TASK OBJECTIVE → Return the material below exactly, but only from the line with "The kitchen features" through the line with "please message us.", and without its pictures.

+-------+

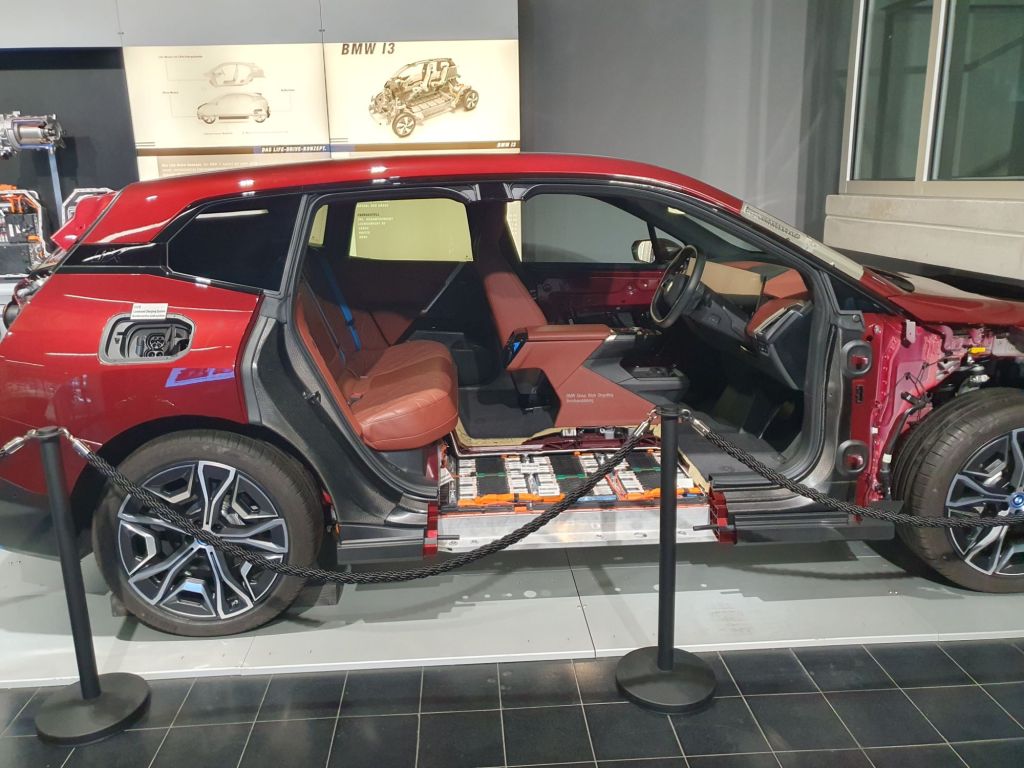 Als besonderer Blickfang präsentierte sich der zum ersten Mal auf der IAA 2021 gezeigte aufgeschnittene BMW iX xDrive50 mit seinen Lithium-Ionen-Akku, der im Unterboden zwischen den Achsen platziert ist und mit einer Netto-Kapazität von 105,2 kWh eine WLTP-Reichweite von bis zu 630 Kilometern ermöglicht.
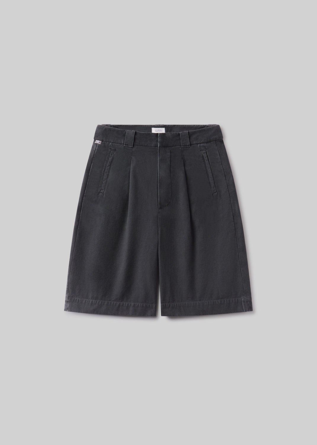 Looks Like: Washed black short with front pleat detailing and trouser pockets
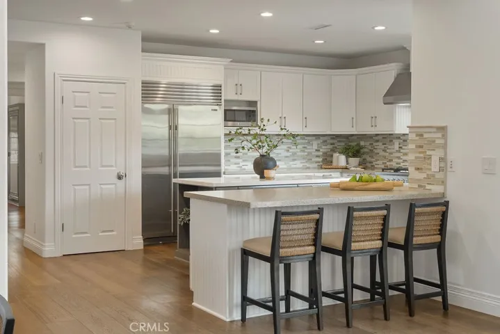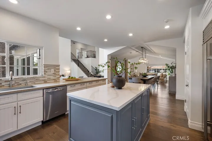 The kitchen features custom cabinetry, quartz countertops, a commercial-grade range, stainless steel appliances, and an oversized island with seating and backyard views. An adjoining bonus room is perfect for entertaining, complete with a built-in media center, surround sound, and designer bar.
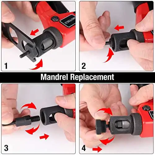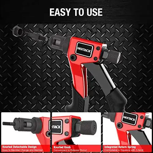【Compact Design for Tight Space】The 8 inch right angle style make it easy for grab-and-go to solve out-of-reach riveting projects for confined narrow spots. it is an ideal solution for SMALL ALUMINIUM rivnut, and it will need some grip strength for bigger inserts 1/4 & M6. 【One-Stop-Solution】The nutsert tool kit is packed in a well-organized compartmented case for safe storage and convenient portability. It comes with a step drill bit, 8 universal interchangeable mandrels, 80 carbon steel threaded nuts (10 for each mandrel), & a professional user manual, and the pitch of M3 is 0.5mm, M4 0.7mm, M5 0.8mm, M6 1mm. 【Built to Last】The threaded insert hand riveter consists of quality steel arm with blacken and heating treatment, aluminum alloy body, and thick non-slip PVC grips. It prevents from corrosion and deformation and prolongs the lifecycle to ensure the strength, durablity and reliablity. 【Easy to Change Mandrels】The nutsert rivet gun features modular detachable design for easy riveting, mandrels changing and maintenance, rotary knob structure for easy nut loading and releasing. Perfect solution for DIY and Professional use. 【Versatile Application】The threaded insert riveter tool kit can help you add attachedment with bolt on working piece like metal, fiberglass in different occasion like van wall, metalworking, railway, aviation, bicycle, off-road, RV and home modification. 【Warm Tips】Please note the mandrels are consumable and may be damaged with uneven pressure and improper use. We have addtional replacement mandrels M3 M4 M5 M6 6-32 8-32 10-24 10-32 1/4-20 here in our store. If any issue during using please message us.
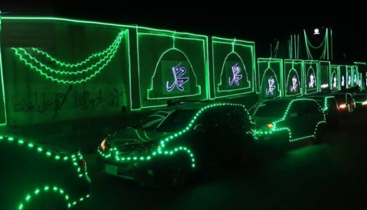 نظم مكتب جمارك ورقابة صنعاء مسيرة ضوئية بعشرات السيارات احتفالاً بذكرى مولد النبي محمد عليه وعلى آله أفضل الصلاة وأتم التسليم ..
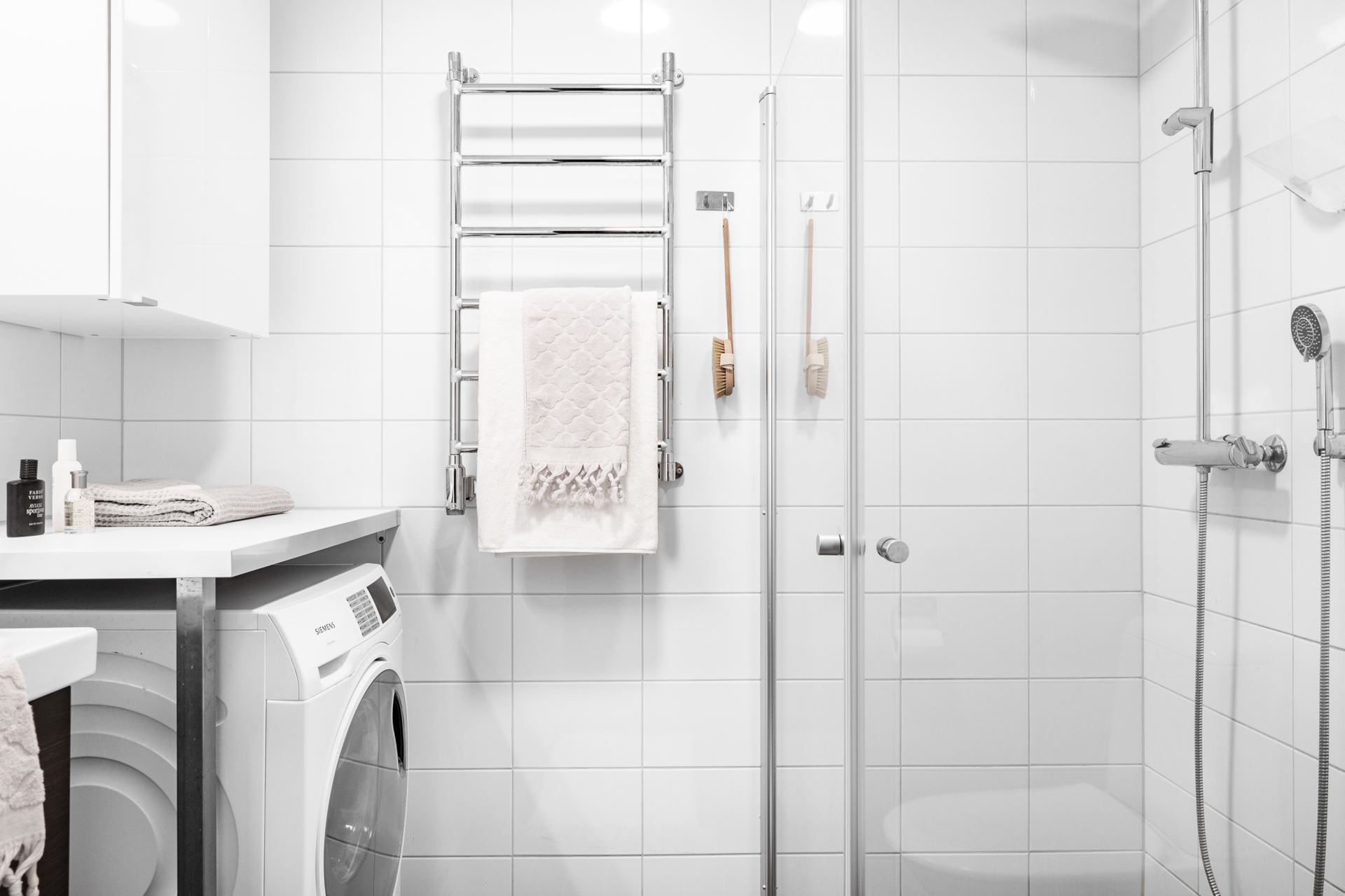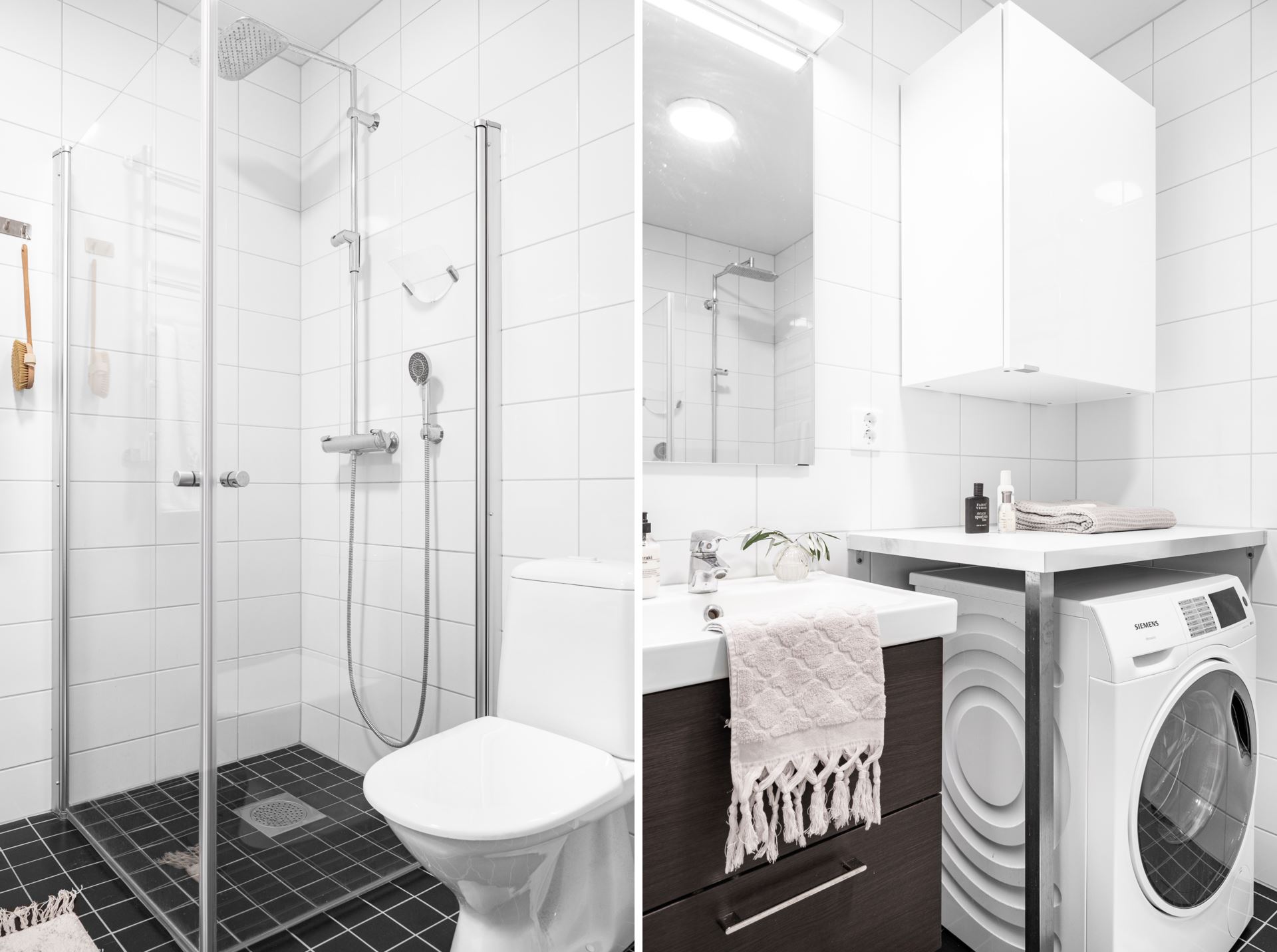 Helkaklat badrum med vitt kakel på väggarna och mörkare klinkers på golv. Badrummet är utrustat med dusch bakom glasvägg, handfat med kommod, wc, spegel samt kombimaskin för tvätt och tork.

+-------+

REPLY TO THE EXERCISE →
 The kitchen features custom cabinetry, quartz countertops, a commercial-grade range, stainless steel appliances, and an oversized island with seating and backyard views. An adjoining bonus room is perfect for entertaining, complete with a built-in media center, surround sound, and designer bar.
【Compact Design for Tight Space】The 8 inch right angle style make it easy for grab-and-go to solve out-of-reach riveting projects for confined narrow spots. it is an ideal solution for SMALL ALUMINIUM rivnut, and it will need some grip strength for bigger inserts 1/4 & M6. 【One-Stop-Solution】The nutsert tool kit is packed in a well-organized compartmented case for safe storage and convenient portability. It comes with a step drill bit, 8 universal interchangeable mandrels, 80 carbon steel threaded nuts (10 for each mandrel), & a professional user manual, and the pitch of M3 is 0.5mm, M4 0.7mm, M5 0.8mm, M6 1mm. 【Built to Last】The threaded insert hand riveter consists of quality steel arm with blacken and heating treatment, aluminum alloy body, and thick non-slip PVC grips. It prevents from corrosion and deformation and prolongs the lifecycle to ensure the strength, durablity and reliablity. 【Easy to Change Mandrels】The nutsert rivet gun features modular detachable design for easy riveting, mandrels changing and maintenance, rotary knob structure for easy nut loading and releasing. Perfect solution for DIY and Professional use. 【Versatile Application】The threaded insert riveter tool kit can help you add attachedment with bolt on working piece like metal, fiberglass in different occasion like van wall, metalworking, railway, aviation, bicycle, off-road, RV and home modification. 【Warm Tips】Please note the mandrels are consumable and may be damaged with uneven pressure and improper use. We have addtional replacement mandrels M3 M4 M5 M6 6-32 8-32 10-24 10-32 1/4-20 here in our store. If any issue during using please message us.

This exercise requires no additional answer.